MARSHALL, THURGOOD 1908-1993
DIRECTOR OF LEGAL DEFENSE AND EDUCATIONAL FUND OF NAACP (1939-1961); ASSOCIATE JUSTICE OF THE SUPREME COURT (1967-1991)
Championing Civil Rights
Marshall's years at the NAACP were spent representing people who had been denied their legal rights because of their race. He won twenty-nine of the thirty-two civil rights cases he brought before the Supreme Court including the 1950 Sweatt v. Painter which set the ground for Brown.
In the National Spotlight
Marshall's most notable case, Brown v.
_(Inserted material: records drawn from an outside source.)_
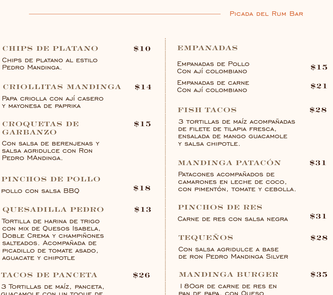
PICADA DEL RUM BAR
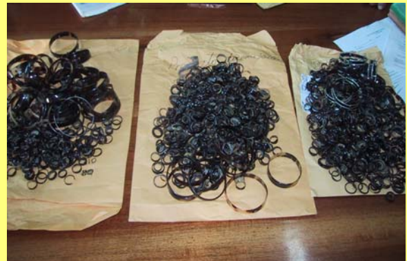
Productos de Carey.

Tradicionalmente las playas de desove se protegen de los saqueadores ilegales de huevos y de los cazadores de tortugas por medio de patrullajes de playa permanentes
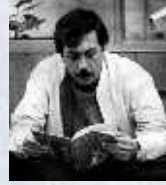
Adnan Yücel (1953-2002)

Kısacası o yıllarda ben Hayatım karışık çantam gibi İki kişiyi birden severdim Karnemde sevinç bir aşk iki

Board of Education of Topeka, Kansas, put segregation squarely before the nation in 1954. He argued, along with George Hayes and James Nabrit, Jr., that the separated schools for black and white children were not equal and black students were being denied the equal protection under the law guaranteed by the Fourteenth Amendment.
Supreme Court Justice
His appointment to the Supreme Court by President Lyndon B. Johnson in 1967 made him the first black to sit on the court. He was a respected justice throughout his term on the court, which ended with his retirement in 1992.
Source:
Carl Thomas Rowan, Dream Makers, Dream Breakers: The World of Justice Thurgood Marshall (Boston: Little, Brown: 1993).